A sheeping WASPY-looking southern man with a terrible suit and great head of hair held a microphone in the spirit of Bob Barker and introduced himself as Richard Shea, a representative of the International Federation of Competitive Eating. This was a Federation I was not familiar with, such as American Federation of Labor and the United Federation of Planets. But a pleasantly plump woman next to me informed those within earshot that this is the group that sponsors the annual Nathan's Hot Dog eating competiting on Coney Island every summer on July 4th, when I am usually out in Fire Island or visiting with friends.

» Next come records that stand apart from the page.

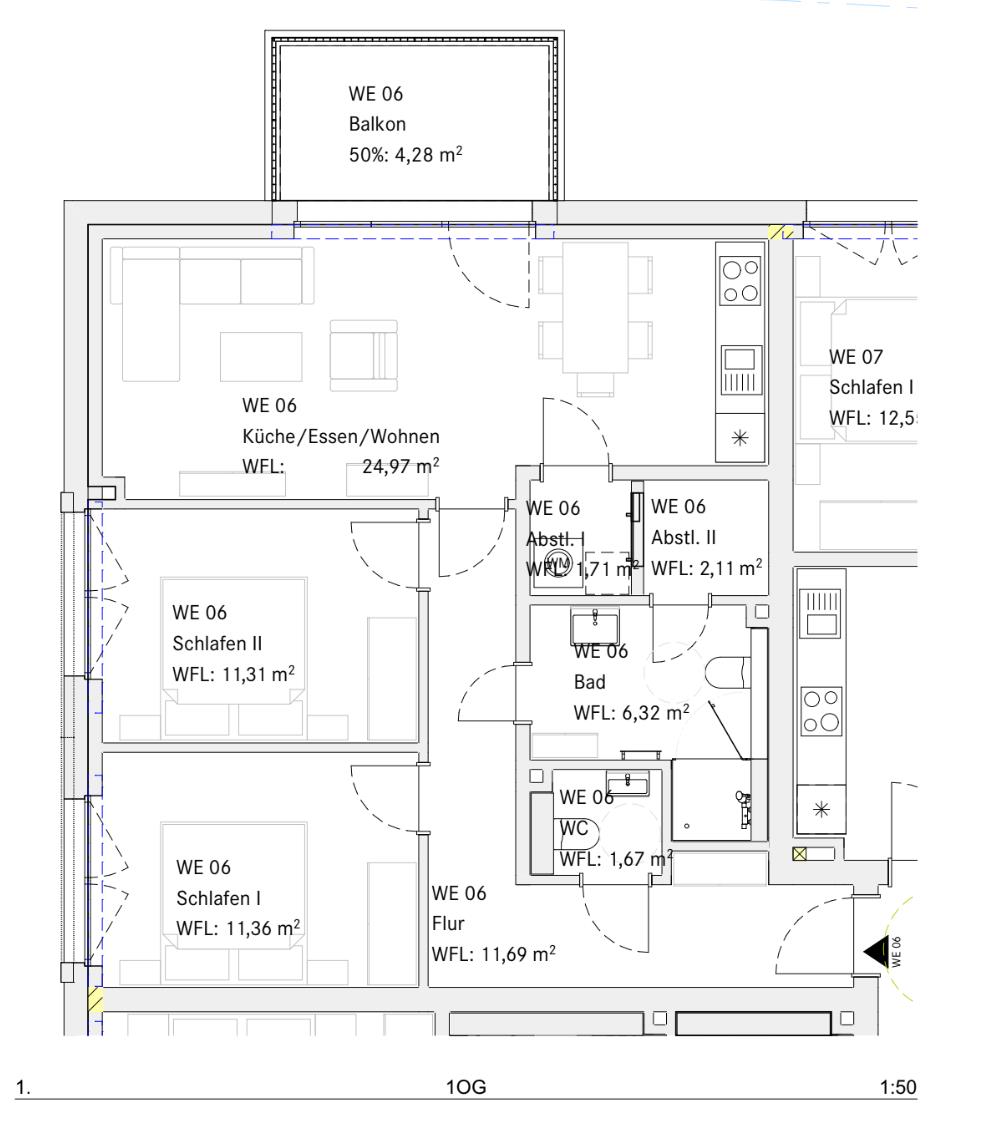 Der offen gestaltete Wohn- und Essbereich mit gemütlicher Sofaecke und TV lädt zum Entspannen ein. Die voll ausgestattete Küche bietet alles, was Sie für gemeinsame Mahlzeiten benötigen – ob zum Frühstück auf dem möblierten Balkon oder zum Kochen am Abend. Außenjalousien sorgen für angenehmes Raumklima und Privatsphäre.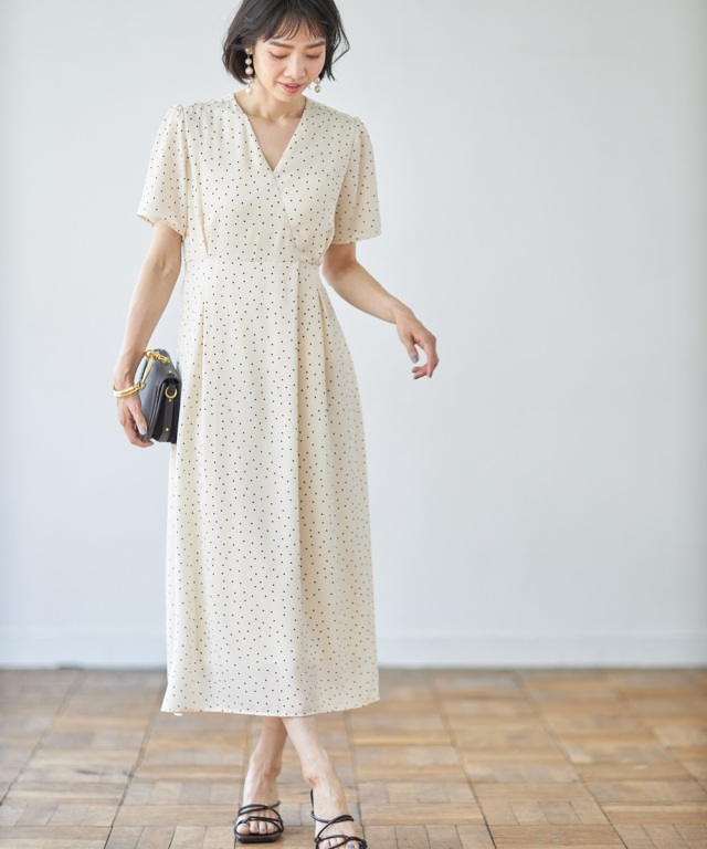 | 商品説明 | : | 大人可愛い華奢見えコーデの出来上がり!一枚でコーデがサマになるドットカシュクールワンピース |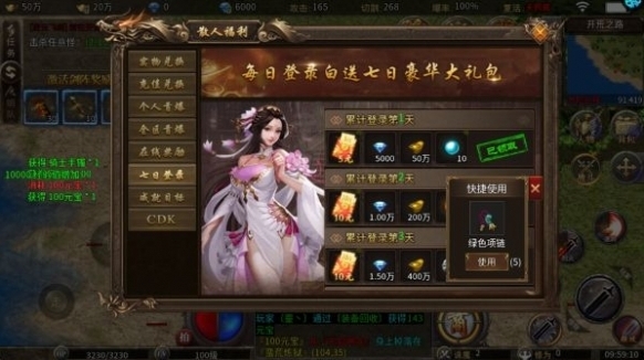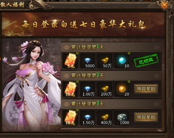 6、開啟散人福利,每天登錄白送七日豪華大禮包等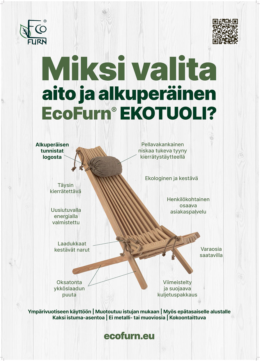 EcoFurn Ekotuoli on valmistettu käyttäen ainoastaan luonnollisia materiaaleja, puuta ja hamppuköyttä. Ekologinen tuoli on erinomainen valinta niin sisälle kuin puutarhaankin. Käsittelemätön tervaleppä soveltuu sisäkäyttöön, mutta se voidaan käsitellä myöhemmin, jolloin siitä saadaan näppärä puutarhatuoli. Köyden ansiosta tuoli ei keiku epätasaisellakaan alustalla, ja paino jakautuu tasaisesti. Ekotuoli tarjoaa ainutlaatuisen ja erittäin mukavan istuimen.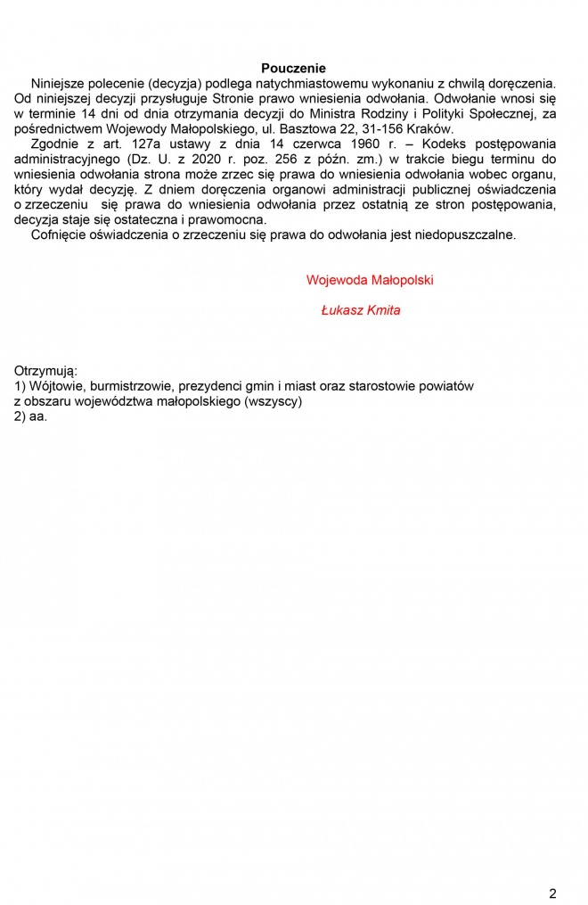 Wojewoda Małopolski wydał Decyzję nr 272/2020 (Polecenie nr 348/2020) w sprawie uchylenia decyzji nr 138/2020 (Polecenie nr 214/2020) Wojewody Małopolskiego z dnia 14 października 2020 roku, znak: WP-III.9421.16.283.2020 skierowaną do wszystkich wójtów, burmistrzów, prezydentów gmin i miast oraz starostów powiatów z obszaru województwa małopolskiego, w sprawie zawieszenia działalności w placówkach dla osób starszych, środowiskowych domach samopomocy oraz warsztatach terapii zajęciowej na terenie całego województwa małopolskiego.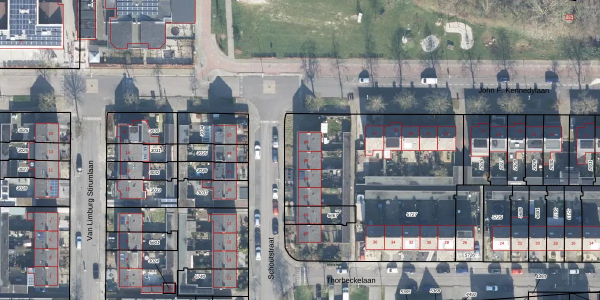 Het perceel waarop Schoutstraat 48 staat heeft een oppervlakte van 2653 m². Dit is een zeer groot perceel. De perceeloppervlakte wordt geregistreerd door het Kadaster. Gedetailleerde informatie over de maten van dit perceel kunt u vinden in het rapport Kadastrale kaart met maatvoering van Schoutstraat 48.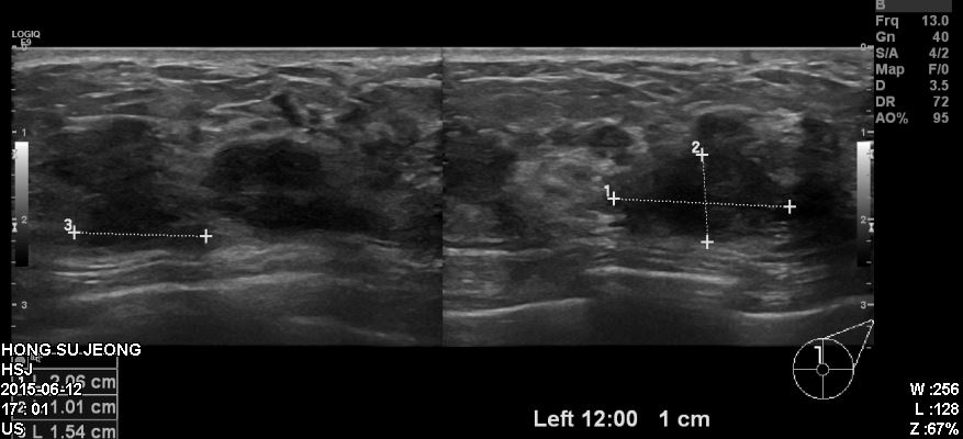 타원유방초음파상 확인되는 좌측유방12시방향의 혹과 좌측겨드랑이에 부어있는 임파선을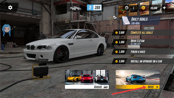 1、点击【DRIVE】按钮,进入驾驶场景,开始赛车任务。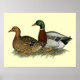 Rouens är stort anka med ett färg mönster som liknar Mallards. Drake glansigt grönt huvud står ut, men hönsens penciderade fjädrar är vackert förklädda.
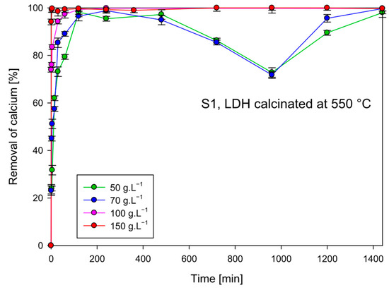 Effect of the dosage of hydrotalcite-2H (LDH) to removal efficiency of calcium from synthetic solution S1 with LDH dosage 50, 75, 100, 150 g L−1.

Dick Shea proceeded to introduce the purpose of his little gathering, an IFOCE-sanctioned Chicken Nugget speed eating competiting. So apparently those who do not make the big bucks working the Hog Dog circuit travel around B-circuit and munch on other food products. Well since I didn't have to meet my friends for lunch in Soho for another hour or so, I decided to stick around and witness this sorry exhibition of grotesque humanity.

And boy was I glad I did.

He introduced the professional competitors, calling out their accomplishments and personalo records like a baseball announcer might during an old-timers game. First up was Morty Sobowicz, a 250-plus pound gentleman from a place called Blue Ridge, PA. Sobowicz once ate 46 Big Macs in 20 minutes. Talk about liking your meat. Next up was a diminutive woman who would not have weighed more than 105 pounds. Sonya Thomas, Shea announced, is the greatest living female eater around, holding more than 40 records, male or female. I was suspicious. Finally, Wallace Something-or-other (I missed his last name because I was admiring a young bike messenger's new royal blue Pumas). Wallace was a large black man in the mold of Hightower from the Police Academy movies. Let's just say he looked painful.

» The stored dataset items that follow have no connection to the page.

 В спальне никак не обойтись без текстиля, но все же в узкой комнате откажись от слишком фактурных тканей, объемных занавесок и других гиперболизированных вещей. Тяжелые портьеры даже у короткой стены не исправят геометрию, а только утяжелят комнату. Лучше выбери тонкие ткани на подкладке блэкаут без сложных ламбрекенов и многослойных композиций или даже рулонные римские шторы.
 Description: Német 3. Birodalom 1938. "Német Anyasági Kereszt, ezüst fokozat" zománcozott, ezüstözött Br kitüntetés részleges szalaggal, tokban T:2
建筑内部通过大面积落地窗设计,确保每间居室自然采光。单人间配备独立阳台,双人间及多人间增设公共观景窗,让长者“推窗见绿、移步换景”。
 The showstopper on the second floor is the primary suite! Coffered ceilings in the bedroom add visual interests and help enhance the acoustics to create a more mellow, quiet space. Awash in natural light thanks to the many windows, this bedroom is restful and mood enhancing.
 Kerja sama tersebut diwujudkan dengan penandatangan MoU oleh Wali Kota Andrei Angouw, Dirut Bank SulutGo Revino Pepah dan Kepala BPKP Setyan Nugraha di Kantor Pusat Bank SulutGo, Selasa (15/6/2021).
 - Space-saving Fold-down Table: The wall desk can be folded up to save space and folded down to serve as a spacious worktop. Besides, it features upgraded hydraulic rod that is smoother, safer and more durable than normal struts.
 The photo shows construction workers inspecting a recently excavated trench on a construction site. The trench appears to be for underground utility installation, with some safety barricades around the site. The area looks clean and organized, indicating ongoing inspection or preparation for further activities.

Next up, a group of young men carried shopping bags of McDonalds nuggets to the table and laid them out in a neat formation. As Shea indicated, the eaters would have five minutes to eat as many of the chicken pieces as they could. They would have the liquid aid of only one 20-oz bottle of Poland Spring.

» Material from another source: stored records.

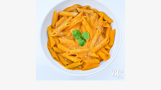 ¡Hola a tod@s y bienvenid@s a BC Organik!Me hace mucha ilusión compartir con ustedes la receta de hoy, ya que es una de mis preferidas.Pasta con salsa cremosa de calabaza, ¿suena bien, verdad? Y si la salsa está hecha con ingredientes saludables que sientan de maravilla, seguro que la disfrutas aún más.Aquí va la receta, espero que les guste.INGREDIENTES (4 personas):• 400 gr de pasta (yo he utilizado macarrones de espelta integrales)• 800 gr de calabaza• 100 ml de nata de coco (o la que más te guste)• 2 dientes de ajo• 4 cucharadas de salsa de tomate• 150 ml de caldo vegetal• 2 cucharadas de levadura nutricional (opcional)• Una cucharadita de pimentón dulce• Una pizca de comino• Aceite de oliva virgen extra• SalELABORACIÓN:1. Precalentar el horno a 180 grados.2. Cortar la calabaza en dados y ponerlos en una bandeja de horno con papel vegetal, aceite y sal.3. Introducir al horno, junto con los dientes de ajo con piel, durante unos 30 minutos.4. Mientras, cocemos la pasta durante el tiempo indicado por el fabricante.5. Cuando la pasta esté en su punto, la escurrimos y la reservamos en un caldero con una o dos cucharadas de aceite de oliva para que no se pegue.6. Una vez transcurrido el tiempo de horno, introducimos en una batidora la calabaza, el ajo sin piel y el resto de ingredientes para hacer la salsa.7. Trituramos todo bien.8. Cuando la salsa tenga la consistencia deseada, verter por encima de la pasta y lista para comer.¡Que la disfruten!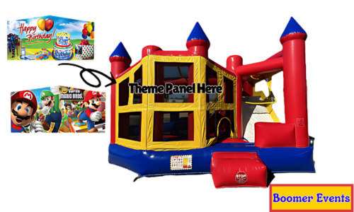 Build a snowman with your all your favorite characters from Disney's hit movie Frozen in our Frozen 5 in 1 Combo! This bounce house features Elsa, Anna, Hans, Kristoff, Sven and Olaf and is complete with a bouncing area, basketball hoop (we do not provide the basketballs ), obstacle area (inflated logs and pop ups), climber and an 8 foot slide. The slide ends next to the entrance for easy re-entry and exit. It has a mashing net on all of its sides makes it easier for parents to supervise their kids inside. Call us now and ask for availability!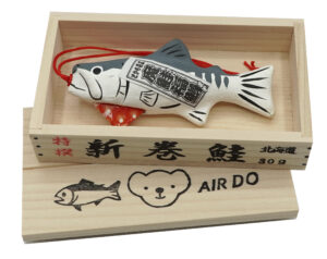 帯廣神社的には、機内販売でお求めになれる ミニチュア鮭箱「鮭とば」入り の箱に、当神社「鮭みくじ」をいれてディスプレーするのも楽しくおすすめです。(完全に蓋はしまりませんが、、、)
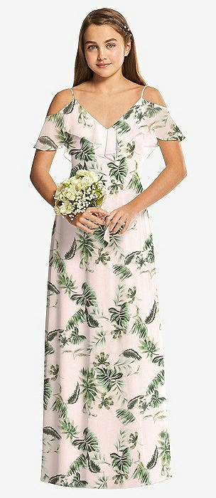 Dessy Collection Junior Bridesmaid Dress JR548 in palm beach print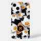 Dieses fußballbezogene iPhone-Gehäuse mit variantenreichen schwarzen, orangefarbenen und weißen Fußballbälle, die nach einem zufälligen Muster auf einem individuell anpassbaren schwarzen Hintergrund angeordnet sind - passen Sie ihre Monogramm-, Varsity- oder Jersey-Nummer - von katz_d_zynes an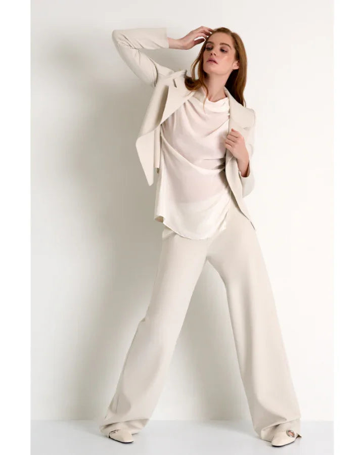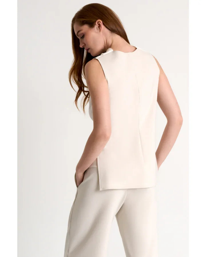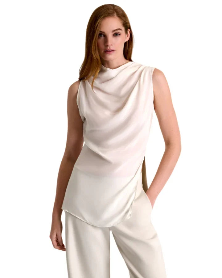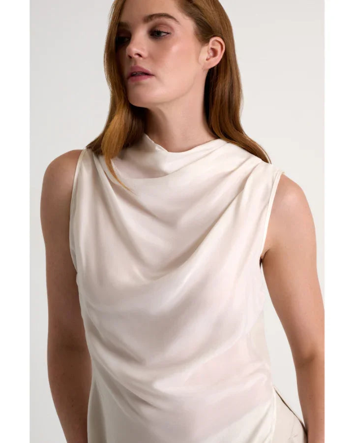 Shan elegant and timless 3D jersey cupro draped high boat neckline sleeveless blouse with side slit. Length 27.5".

And then it began, and Wallace and Morty never had a chance. The raucous crowd grew more fervent with each devoured piece of poultry as the diminutive Sonya Thomas put on the single greatest exhibition of skill and talent that I have witnessed since the 1999 Fire Island Mr. Leather Competition. She simply put one after another in her mouth and swallowed. And when all was said and done. Thomas had downed an astounding 80 nuggets. Wallace finished in second with 42 and Morty only tallied 29.

"Ladies and gentleman," Shea boomed after the remaining pieces were counted, "we have a NEW WORLD RECORD."

With that pronouncement, the crowd of 600 or so gathered observers launched into an ovation worthy of a performer like Frank Sinatra or James Brown. There were hugs between the competitors as the losing two quickly scampered back to, no doubt, regurgiate their intake in private. Meanwhile, the elated Thomas, at least 10 pounds heavier than five minutes earlier, jumped around and celebrated like a rodeo champion after lasting the full eight seconds (I'm not even going to make a joke about lasting this long here...). She posed for pictures with the crowd and even signed a few of the empt McDonalds chicken boxes for her new fans.

Minutes later it started to rain, but the crowd did not scamper. Instead, they stuck around to be a part of history for a little while longer, sharing their awe and amazement with one another, reliving the event in their minds and even wondering aloud how many they would be able to stomach.

Watching all of that food disappear like that only made me hungrier, and I was happy to get down to meet that friend and enjoy a delicious Nicoise salad for lunch, all the while recapping the events I had witnessed like a child talking about his first day of day camp. But it also made me wonder just what kind of people engage in the sport of eating. Lord knows my thighs could not handle that type of repeated abuse. But these phenoms, these freaks of nature were given a gift: the gift of rapid metabolism and rapid mandibular speed. I may never be blessed with their skill, but I share in their celebration of food and of the eating of it, in whatever form that takes.